▸ **What the task asks**
Repeat every entry exactly. Do not include the pictures.

----

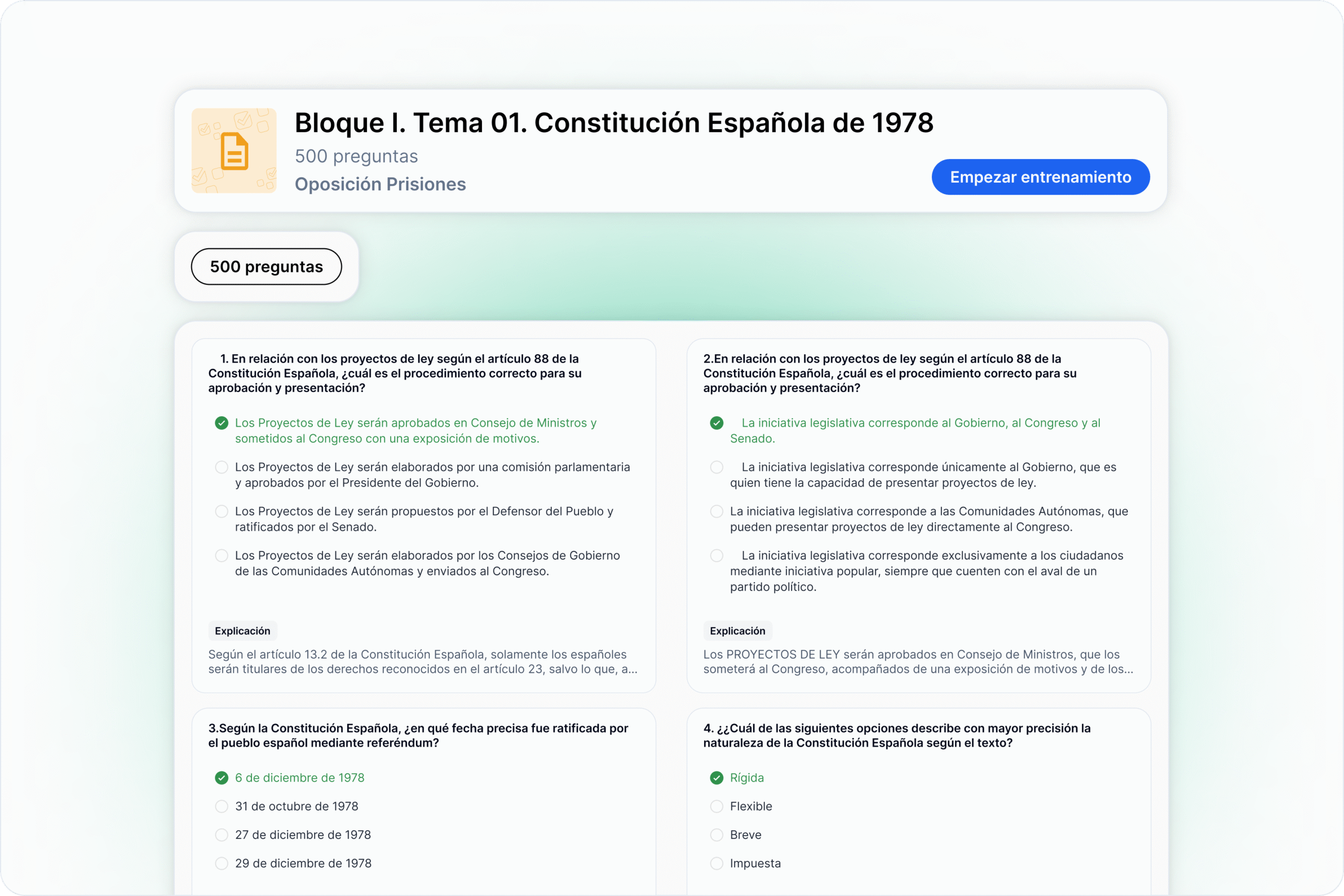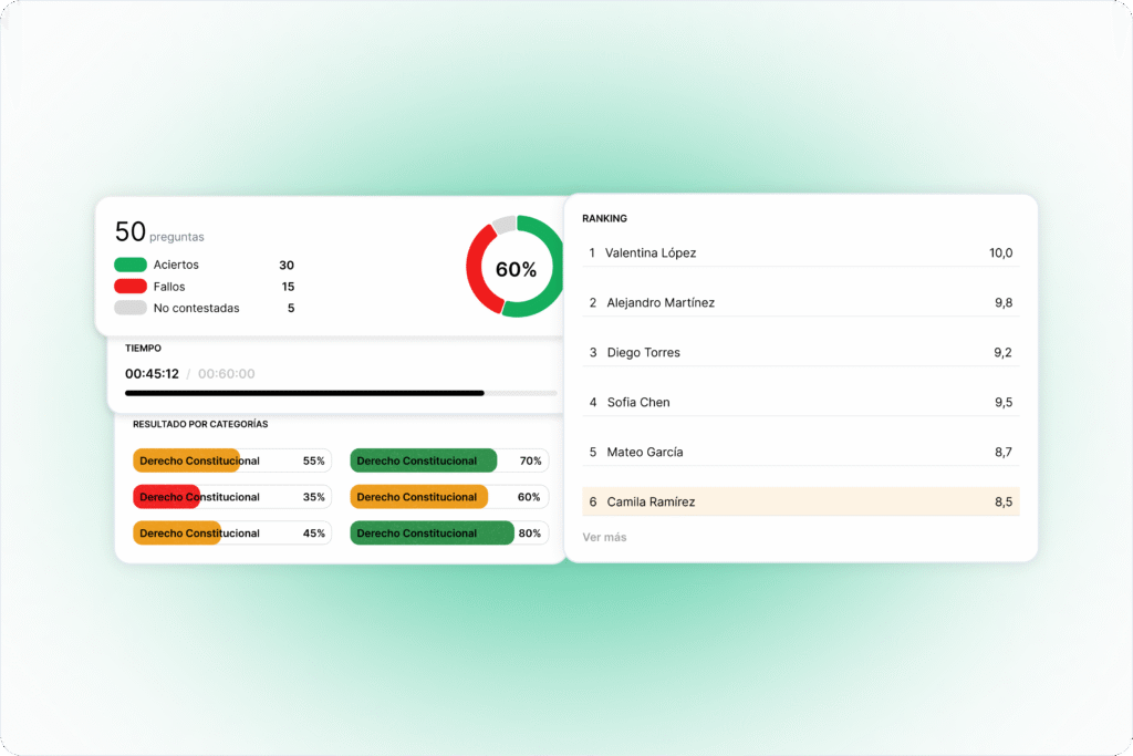- Ranking comparativo con otros opositores para medir tu nivel real.
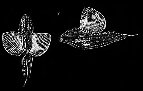and a brownish kernel about the size of a grain of wheat; only on a closer inspection can we distinguish two large, roundish wings, as clear as glass, that sit upon a yellowish body drawn backward in length, that rests in a crystal boat, the contour of which can not be exactly discerned, because the substance of which it is formed has the same refractive power as water. It is only when the animal is put, hardly covered with water, in a flat saucer of glass, against a black ground, that we can see the figure
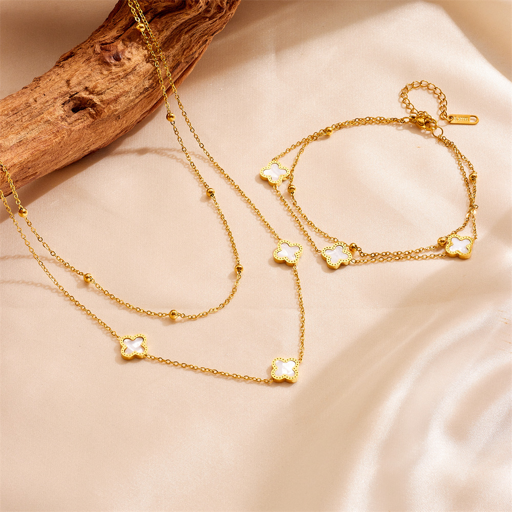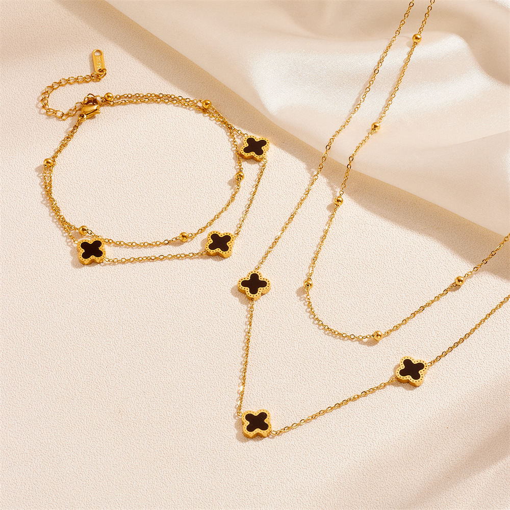 | nameOriginal | New Fashion Titanium Steel Four-leaf Clover Double-layer Bracelet Necklace suit European and American Fashion All-match Temperament Necklace Bracelet |
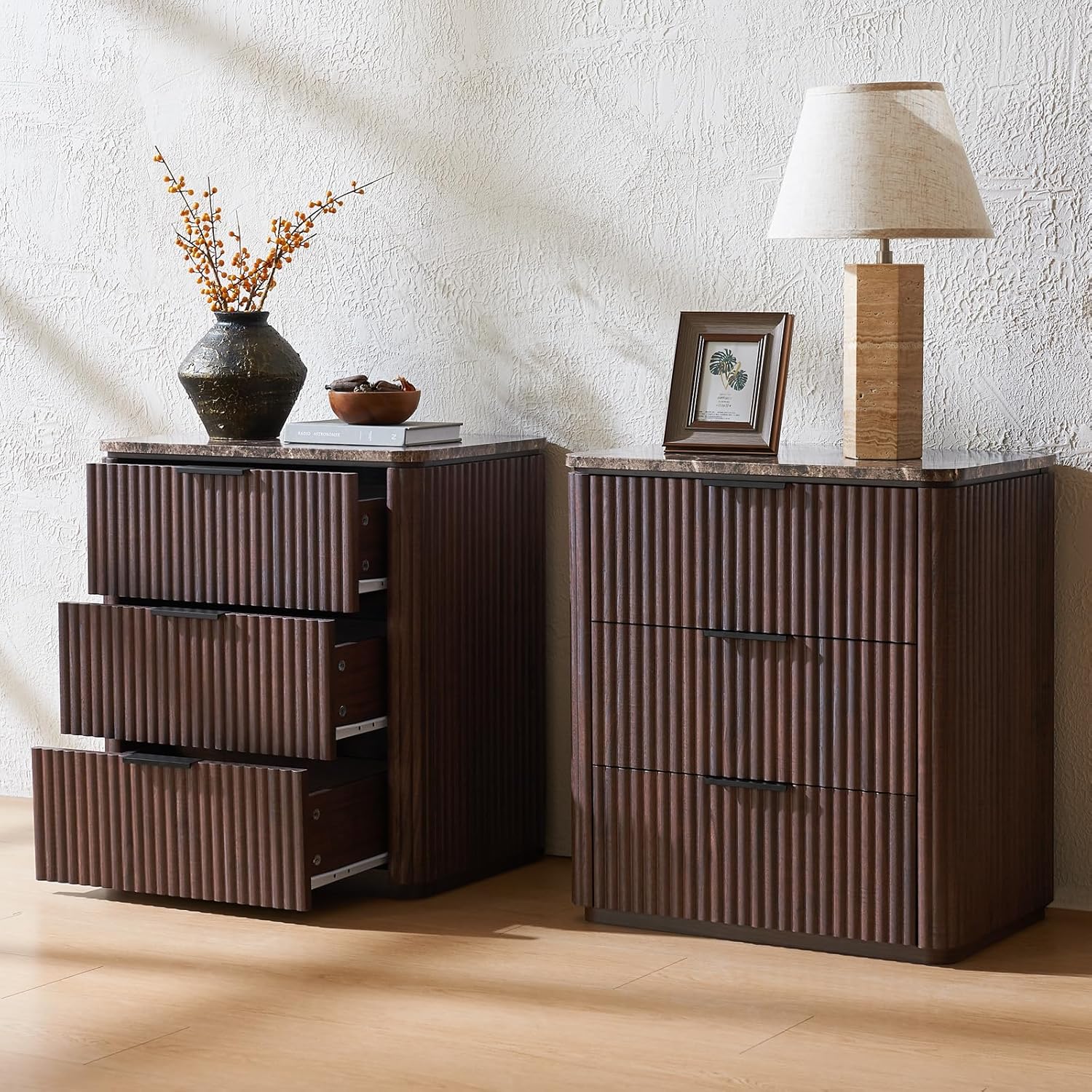 DelArk 3-Drawer Fluted Nightstand with Marble Top
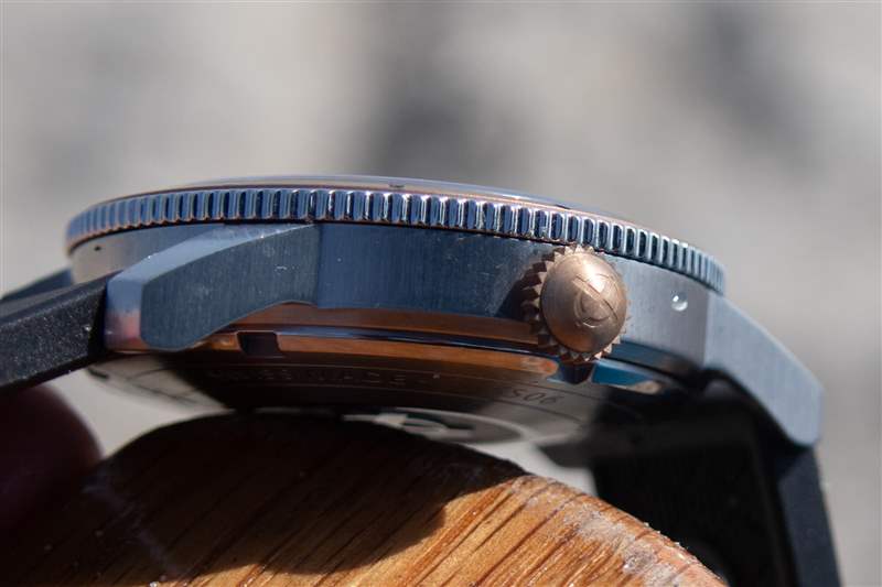 當天晚些時候,我改用了隨附的黑色天然橡膠表帶,這需要一個工具(顯然我隨身攜帶),因為表帶沒有快速釋放桿。這一變化還提供了一個以完全不同的角度體驗這款手表的機會。黑色橡膠完全改變了手表的感覺,從休閑和戶外,到運動和目標明確,也許更適合海洋。青銅表圈沒有被表帶帶出,而是粒狀黑色表盤突出。表帶沒有改變的是手表戴在手腕上的舒適度。憑借現代的直徑、12.6 毫米的厚度和 46.5 毫米的表耳間距,佩戴這款腕表毫不費力。
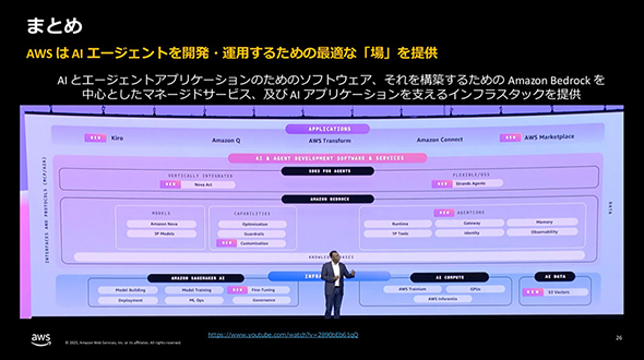 小林氏は説明の最後に、「AWSはAIエージェントを開発、運用するための最適な『場』を提供する」とし、具体的に「AIとエージェントアプリケーションのためのソフトウェア、それを構築するためのAmazon Bedrockを中心としたマネージドサービス、およびAIアプリケーションを支えるインフラスタックを提供する」と説明した。(図4)
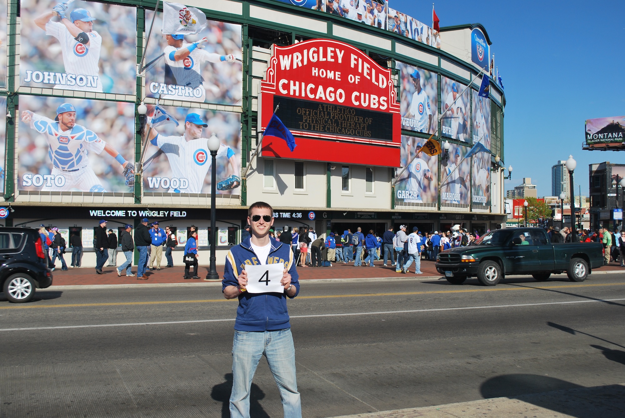We jumped on the Red Line on State Street, and headed up towards Wrigley. Shortly after arriving we spent some time trying to get a good game number 4 picture. With all the traffic, it makes it a little tricky. We tried a few different spots, and thought we had a good one, but there’s a taxi van right below the Wrigley Field sign, so we settled with this:
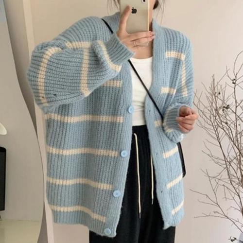 [HYIJDMKD_4B]니트 브이넥 롱가디건 가로 스트라이프 모던
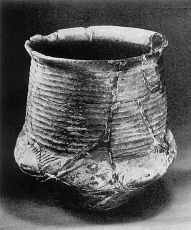 Сосуд отличается изяществом формы. Высокое цилиндрическое горло переходит в биконический корпус с четырьмя сосцевидными налепами. Нарядный вид придают изделию каннелюры, опоясывающие горло, и углубленный орнамент на корпусе.
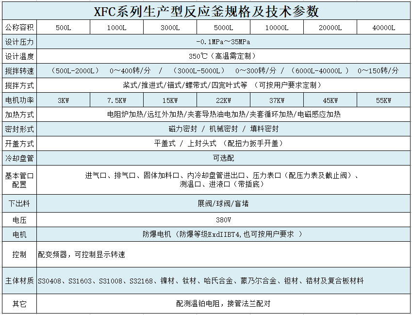 根據工藝要求:生產容積100L---50000L
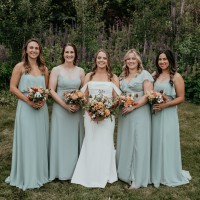 - Dress has been taken in very minimally in the bust/bodice area (was a size 12 in bridal, so now the bodice is probably closer to a size 10, but can easily be let back out)
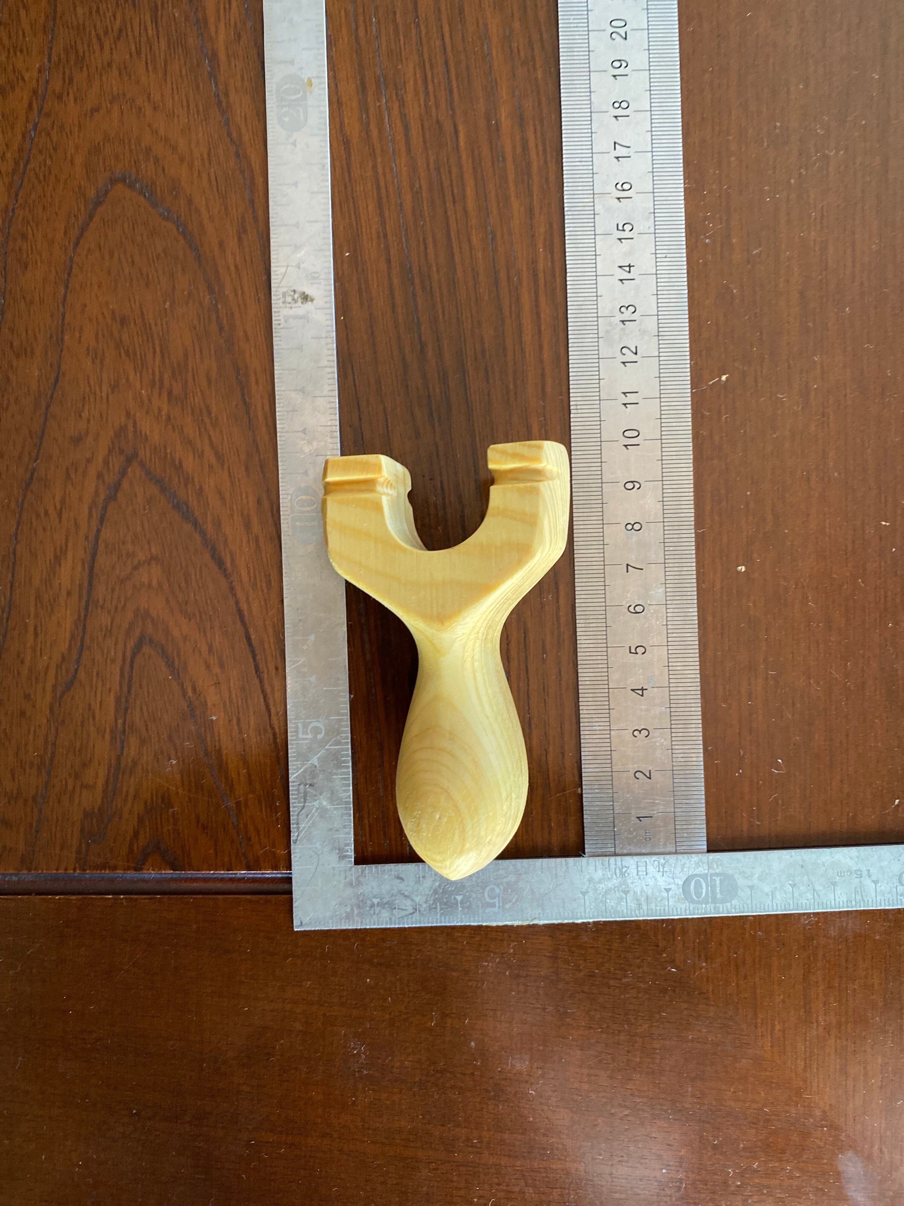 通常サイズのものより5cmほど小さくて手の中にスッポリ収まるサイズのスリングショットです。

----

▸ **Answer to the problem**
- Ranking comparativo con otros opositores para medir tu nivel real.
and a brownish kernel about the size of a grain of wheat; only on a closer inspection can we distinguish two large, roundish wings, as clear as glass, that sit upon a yellowish body drawn backward in length, that rests in a crystal boat, the contour of which can not be exactly discerned, because the substance of which it is formed has the same refractive power as water. It is only when the animal is put, hardly covered with water, in a flat saucer of glass, against a black ground, that we can see the figure
 | nameOriginal | New Fashion Titanium Steel Four-leaf Clover Double-layer Bracelet Necklace suit European and American Fashion All-match Temperament Necklace Bracelet |
 DelArk 3-Drawer Fluted Nightstand with Marble Top
 當天晚些時候,我改用了隨附的黑色天然橡膠表帶,這需要一個工具(顯然我隨身攜帶),因為表帶沒有快速釋放桿。這一變化還提供了一個以完全不同的角度體驗這款手表的機會。黑色橡膠完全改變了手表的感覺,從休閑和戶外,到運動和目標明確,也許更適合海洋。青銅表圈沒有被表帶帶出,而是粒狀黑色表盤突出。表帶沒有改變的是手表戴在手腕上的舒適度。憑借現代的直徑、12.6 毫米的厚度和 46.5 毫米的表耳間距,佩戴這款腕表毫不費力。
 小林氏は説明の最後に、「AWSはAIエージェントを開発、運用するための最適な『場』を提供する」とし、具体的に「AIとエージェントアプリケーションのためのソフトウェア、それを構築するためのAmazon Bedrockを中心としたマネージドサービス、およびAIアプリケーションを支えるインフラスタックを提供する」と説明した。(図4)
We jumped on the Red Line on State Street, and headed up towards Wrigley. Shortly after arriving we spent some time trying to get a good game number 4 picture. With all the traffic, it makes it a little tricky. We tried a few different spots, and thought we had a good one, but there’s a taxi van right below the Wrigley Field sign, so we settled with this:
 [HYIJDMKD_4B]니트 브이넥 롱가디건 가로 스트라이프 모던
 Сосуд отличается изяществом формы. Высокое цилиндрическое горло переходит в биконический корпус с четырьмя сосцевидными налепами. Нарядный вид придают изделию каннелюры, опоясывающие горло, и углубленный орнамент на корпусе.
 根據工藝要求:生產容積100L---50000L
 - Dress has been taken in very minimally in the bust/bodice area (was a size 12 in bridal, so now the bodice is probably closer to a size 10, but can easily be let back out)
 通常サイズのものより5cmほど小さくて手の中にスッポリ収まるサイズのスリングショットです。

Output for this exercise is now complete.